Introduction to Language AI & LLM

Language AI

LLM

Gen AI

Author

Harish

Published

April 10, 2025

This notebook is heavily inspired from Chapter 1 - Hands-on LLM book by Jay Alammar and Maarten Grootendorst and also my notes on the chapter.

Language AI

Artificial Intelligence (AI) is often used to describe computer systems dedicated to performing tasks close to human intelligence, such as speech recognition, language translation, and visual perception.
Language AI refers to a subfield of AI that focuses on developing technologies capable of understanding, processing, and generating human language. It can be used interchangeably with Natural Language Processing.

History

Lot of research and development has happened in the field of Language AI aiming to represent and generate language. Below image shows those developments over the years.

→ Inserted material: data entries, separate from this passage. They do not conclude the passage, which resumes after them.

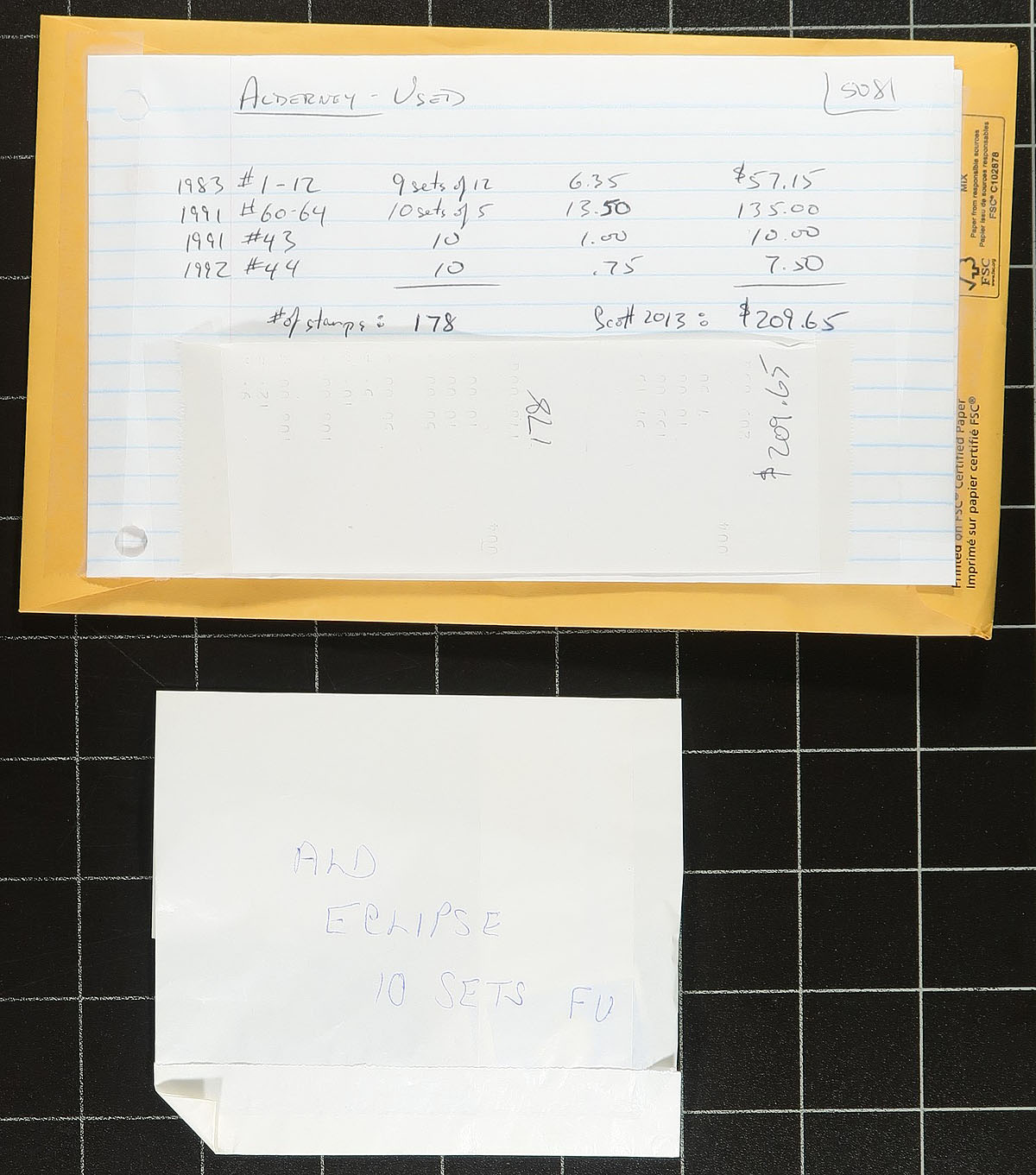 Exceptionally clean, comprehensive balanced CDS used (CTO) dealers stock of the scarce early sets, souvenir sheets, booklets and singles from this popular "late addition" Channel Island stamp issuing entity. While there are between one and fifty examples of any given set, souvenir sheet, booklet or single, the majority are here in quantities of ten of each. Many of the sets are in blocks. A most unusual and useful offering, perfect for the show dealer or investor. We have never seen this much used Alderney in one lot before. See the scans for the neatly hand-written two page inventory list. Owner's older 2013 Scott US$4,810.30 =
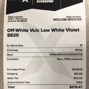 Off-White Vulc Low White Violet SS20 Men's Size 41
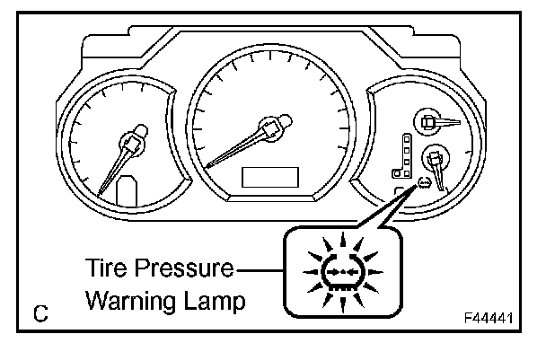 a. When the tire pressure warning lamp comes on, immediately check the air pressure of the tire and adjust it to the specified pressure. When the ignition switch is turned OFF. The tire pressure warning lamp goes off.

Source: Chapter 1 - Hands-on LLM
Text is unstructured in nature and loses its meaning when represented by zeros and ones (individual characters). As a result, throughout the history of Language AI, there has been a large focus on representing language in a structured manner so that it can more easily be used by computers.

Representing Language

Bag-of-Words, 2000s

Bag-of-Words is a classic method (became popular in early 2000s) to represent unstructured text in numbers.
How it works?
As a result, a bag-of-words model aims to create representations of text in the form of numbers, also called vectors or vector representations.
Since these models are primarily used for representing text, they are referred to as representation models.
Limitation: It considers language to be nothing more than bag of words (literally!) and ignores the order of words, the semantic nature, or meaning, of text.

Word2Vec, 2013

💡Efficient Estimation of Word Representations in Vector Space

Released in 2013, word2vec was one of the first successful attempts at capturing the meaning of text in embeddings.
Embeddings are vector representations of data that attempt to capture its meaning.
How it works?
1. Training: It takes a large corpus of text (like Wikipedia) and learns to predict the context of a word given its surrounding words.
2. Representation: The model learns to represent words in a dense vector space where similar words are close to each other.
As shown in the below image, the word embeddings are learned in such a way that similar words are close to each other in the vector space.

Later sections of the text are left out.